=== Section Start ===

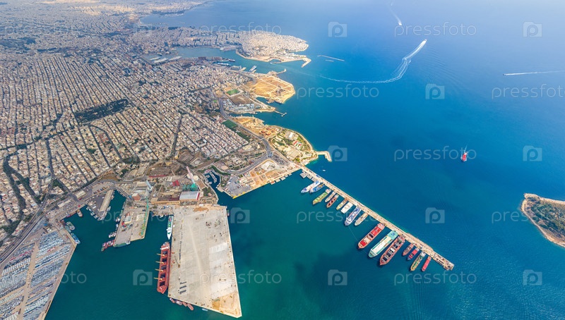 Афины, Греция.В доке ремонтируются суда.Лето.Вид с воздуха
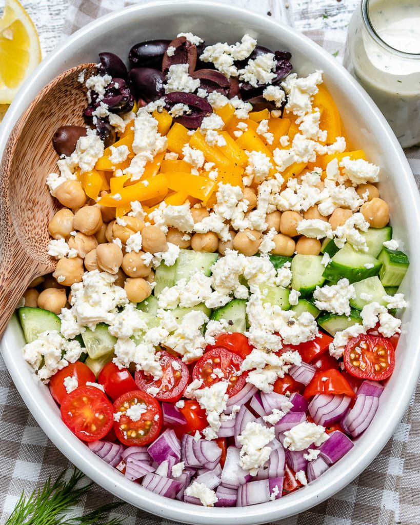 للسلطة: حمص – علبة واحدة، كرفس مفروم ناعم – ¾ كوب، كبر مفروم – ملعقتان كبيرتان.
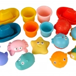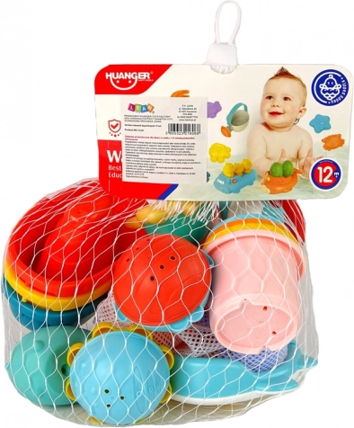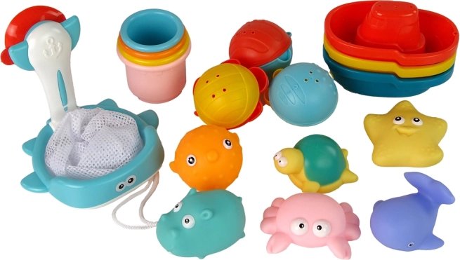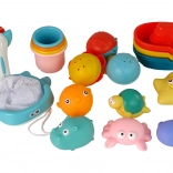 Entdecken Sie den Zauber des Badens mit einem farbenfrohen Set an Meerestieren, das jedes Bad in ein Spiel verwandelt. Kinder können die Tiere mit dem Netz fangen, die Boote auf der Wasseroberfläche treiben lassen und mit den Gummifiguren Wasser spritzen. Angenehme Pastellfarben und vielfältige Formen regen die Fantasie an, während das weiche Material sanft zu kleinen Händen ist.
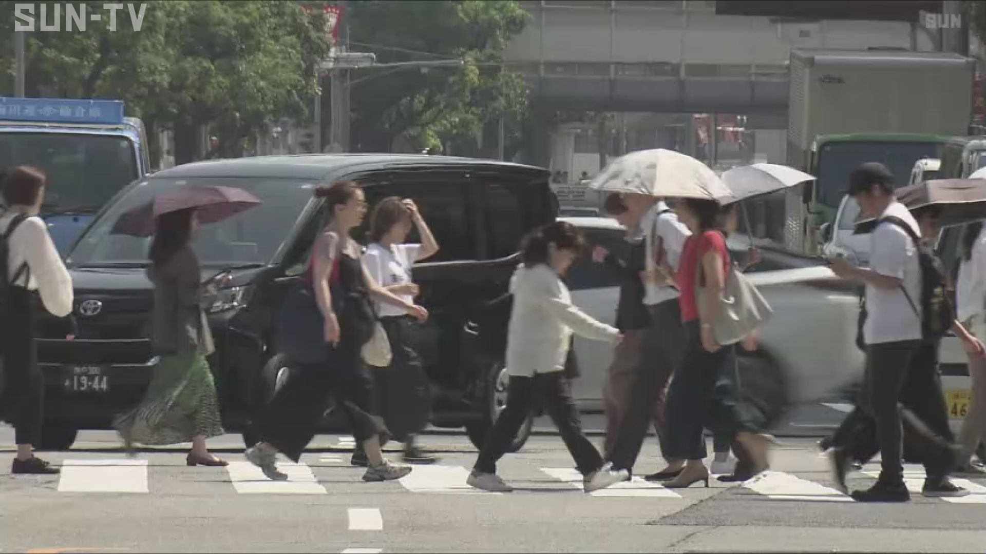 神戸・元町周辺では、強い日差しの下、日傘やハンディファンなどで、蒸し暑さをしのぐ人の姿が見られました。
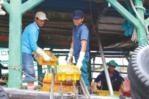 | Cá cơm sau khi khai thác được các tàu thu mua vận chuyển vào đất liền để cung cấp cho các cơ sở chế biến. |
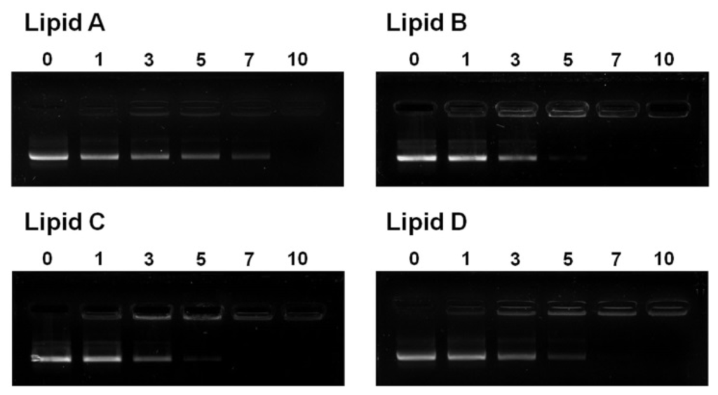 For cationic liposome- and polyamine-mediated transfections, electrostatic interaction between the DNA/carrier complex and the anionic plasma membrane is the first step [33]. To investigate the electrostatic binding interaction between DNA and the cationic liposomes, an electrophoretic gel retardation assay was performed. Representative electrophoretic gel patterns of liposome/DNA lipoplexes are shown in Figure 7. The liposomes were capable of completely inhibiting the electrophoretic mobility of plasmid DNA contained within lipoplexes prepared at N/P weight ratios higher than 10. At an N/P weight ratio of 7, free DNA migrated for liposome A, but not for liposomes B–D. Such gel patterns are consistent with the relatively weak liposome/DNA binding interactions of liposome A, which has the greatest amount of cationic lipids in the absence of the neutral lipid DOPE (cationic lipid/DOPE weight ratio is 3:1 for B and >1:1 for C and D). This result is consistent with the observation that the transfection efficiency of liposomes was the highest in luciferase assays at an N/P weight ratio of 7–10 for lipid A and 5–7 for lipids B–D (Figure 3). These data imply that liposomes are not sufficient to bind DNA at N/P weight ratios under 3 or 5. In addition, ratios over 7 or 10 are too high for the interaction with cell membranes.
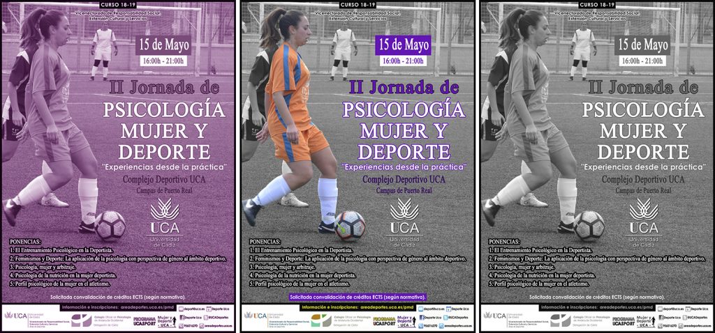 El grupo Psicología del Deporte de la Delegación de Cádiz del Colegio Oficial de Psicología en Andalucía Occidental, en colaboración con el Vicerrectorado de Responsabilidad Social, Extensión Cultural y Servicios de la Universidad de Cádiz, organiza mañana miércoles 15, de 16 a 21 horas, la II Jornada Psicología, mujer y deporte en el Complejo Deportivo UCA del Campus de Puerto Real. En 2019, se dedicará a Experiencias desde la práctica.

=== Section End ===

EXERCISE BRIEF: For the entries above, print exactly the lines between the one with "神戸・元町周辺では、強い日差" and the one with "chế biến. |", inclusive, with no pictures.

ANSWER BELOW:
 神戸・元町周辺では、強い日差しの下、日傘やハンディファンなどで、蒸し暑さをしのぐ人の姿が見られました。
 | Cá cơm sau khi khai thác được các tàu thu mua vận chuyển vào đất liền để cung cấp cho các cơ sở chế biến. |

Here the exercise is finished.